Así, y por sólo citar a
unos pocos pensadores representativos de la época moderna, para Fichte, por ejemplo la dignidad de la mujer consiste en no tener voluntad propia: en
someterse pasivamente al poder masculino. Su honor exige, pues, deshonor, su
dignidad la total indignidad y su libertad clama la esclavitud voluntaria de la
alcoba, su único reino:
La mujer
se da al varón no por placer sexual, pues esto sería contrario a la razón, sino
por amor; por amor se ofrece al varón y su existencia se pierde en la de éste […]

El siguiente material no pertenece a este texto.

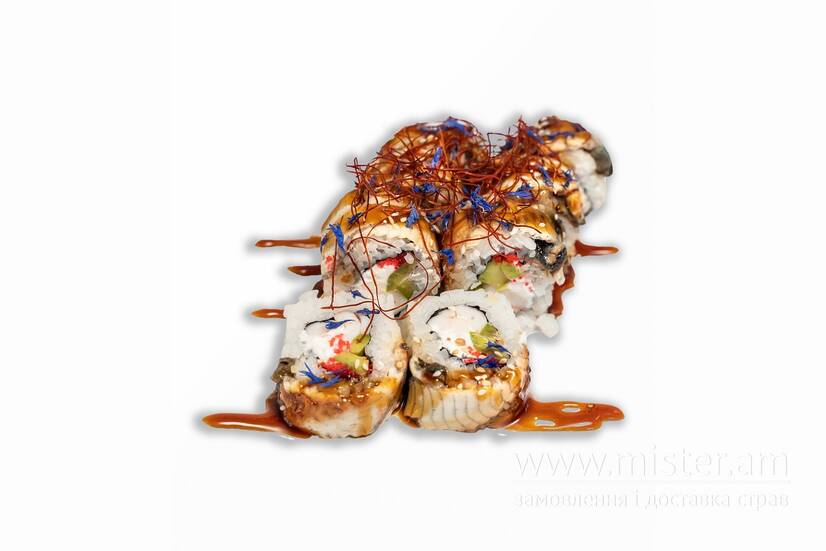 Рис, креветка, тобіко, авокадо, крем сир, вугор, унагі, кунжут, нитка чілі.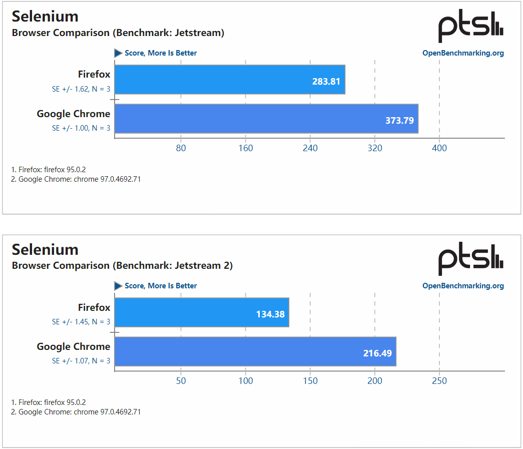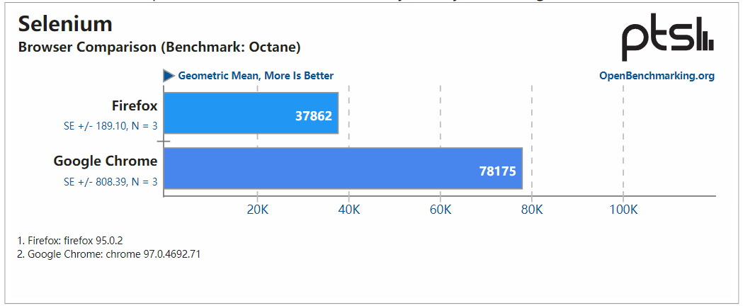 从 JetStream 测试结果可以看到,在 Linux 桌面平台上,Chrome 这方面的性能超过 Firefox。

amor autosacrificado al marido, sobre el que se basa toda su dignidad. Una
mujer razonable y virtuosa sólo puede sentirse orgullosa de su marido y de sus
hijos; pero no de sí misma, porque se olvida de sí misma en ellos (Fichte Moral, 142)[3].
Ese
amor sacrificial, como lo denomina el
pensador alemán, hacia el marido, en el que basa la dignidad de la mujer,
comporta un olvido de sí misma en él (y en los hijos, si los hubiere), es el
que propugnara mucho antes Rousseau para su mujer
ideal (educada para su completa dedicación al marido y los hijos, porque
una vez agotada la tarea de la seducción y de la atracción física, sólo le
quedan los deberes de naturaleza esencialmente hogareños, como corresponde a su
ideología de la domesticidad) y el que
Kant atribuyera al rol doméstico y
familiar de la mujer.
El
mismo que A. Comte exigía a la
esposa ejemplar: la naturaleza exige que la esposa sirva de contrapeso al
instinto sexual puramente egoísta del marido y, al mismo tiempo, que se somete
a él, porque sólo bajo ese impulso se siente el hombre atraído por ella, sufre
su atracción y sigue deseándola y amándola. El coniugio no tiene en la mujer otro sentido que la de ennoblecer la
pasión grosera del varón con su pureza. Por otra parte, el que la mujer tenga
su destino sustancial en la familia
es algo que Comte no duda en lo más mínimo; por el contrario, es sobre lo que,
precisamente, construye su “sana” teoría de la familia. Esta es el lugar
acolchado, iluminado por la sonrisa y caldeado por la absoluta dedicación de la
mujer, y en la cual, tanto para Fichte como para Comte, el hombre olvida la “lucha y el trabajo en el
mundo exterior”.
Igualmente
Kierkegaard y Nietzsche inciden en el rol de la mujer como “descanso del
guerrero”. Kierkegaard, por ejemplo, al conectar la tradición patrística de un
Clemente de Alejandría reduciendo el ser
de la mujer a vivir para los demás, recuerda cómo el Esposo en las Palabras sobre el Matrimonio canta a la
mujer: “¡Oh debilidad maravillosa! Ella ama al hombre a tal punto que desea que
sea él mismo quien domine, y por lo mismo el parece tan fuerte y ella tan
débil, porque ella gasta su fuerza en sostenerlo, la gasta como abnegación y
sumisión […] y experimenta un placer invistiendo continuamente al hombre con la
fuerza ostensible.”[4].
Para Kierkegaard la mujer en sí misma es nada; ontológicamente es dependiente
de otro ser. “El destino profundo de la mujer es ser la compañera del hombre”[5].
¿Cuál
es la definición más adecuada del ser femenino?, se pregunta el filósofo danés,
el mejor representante de la “misoginia galante y romántica”, para
inmediatamente responder: “La de un ser que encuentra su finalidad en otro ser.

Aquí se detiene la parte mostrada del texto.